Available records START

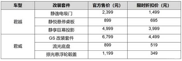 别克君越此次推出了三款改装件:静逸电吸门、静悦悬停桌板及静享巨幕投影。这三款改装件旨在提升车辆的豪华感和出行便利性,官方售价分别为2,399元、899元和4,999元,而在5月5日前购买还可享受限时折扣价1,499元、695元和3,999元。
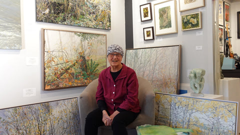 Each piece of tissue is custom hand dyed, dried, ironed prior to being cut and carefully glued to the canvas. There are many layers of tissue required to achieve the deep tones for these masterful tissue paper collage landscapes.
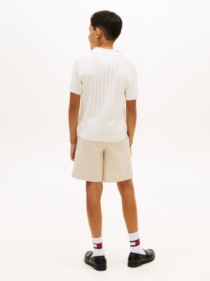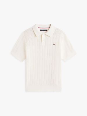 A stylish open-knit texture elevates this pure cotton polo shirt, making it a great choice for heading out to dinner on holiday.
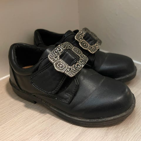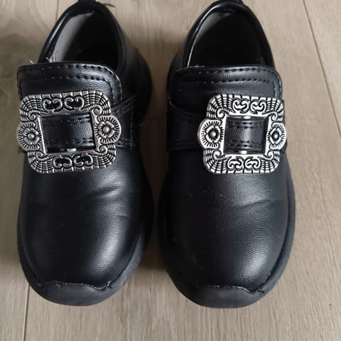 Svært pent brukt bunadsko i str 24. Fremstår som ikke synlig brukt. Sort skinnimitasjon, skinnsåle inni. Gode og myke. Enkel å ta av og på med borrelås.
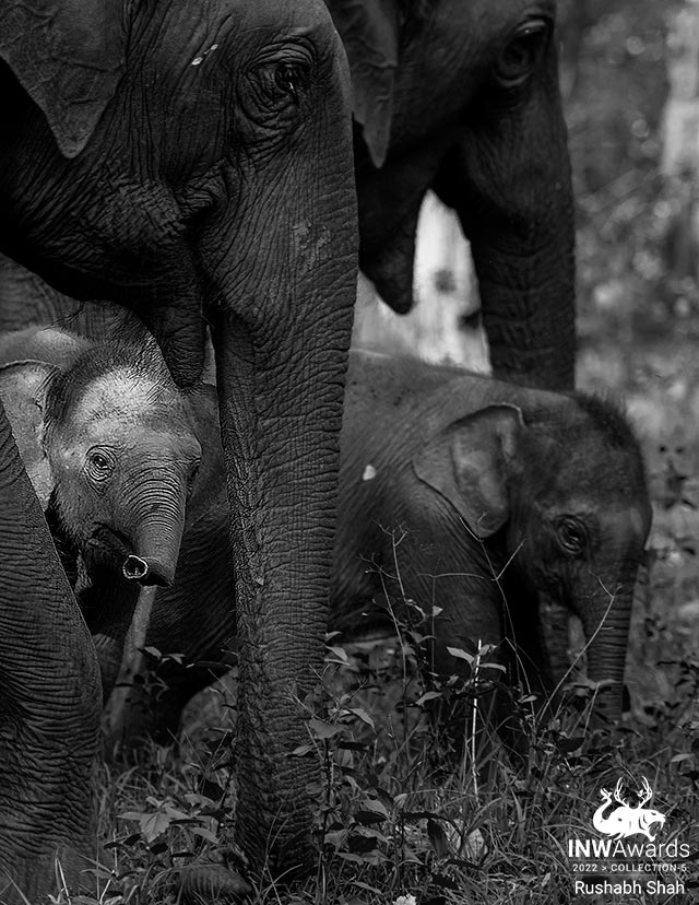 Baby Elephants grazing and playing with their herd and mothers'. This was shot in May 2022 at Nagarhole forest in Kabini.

Available records END

** Your task **
Write out again exactly the lines from the start of the data above through the line containing "Svært pent brukt", inclusive, excluding any pictures.

** Exercise answer **
 别克君越此次推出了三款改装件:静逸电吸门、静悦悬停桌板及静享巨幕投影。这三款改装件旨在提升车辆的豪华感和出行便利性,官方售价分别为2,399元、899元和4,999元,而在5月5日前购买还可享受限时折扣价1,499元、695元和3,999元。
 Each piece of tissue is custom hand dyed, dried, ironed prior to being cut and carefully glued to the canvas. There are many layers of tissue required to achieve the deep tones for these masterful tissue paper collage landscapes.
 A stylish open-knit texture elevates this pure cotton polo shirt, making it a great choice for heading out to dinner on holiday.
 Svært pent brukt bunadsko i str 24. Fremstår som ikke synlig brukt. Sort skinnimitasjon, skinnsåle inni. Gode og myke. Enkel å ta av og på med borrelås.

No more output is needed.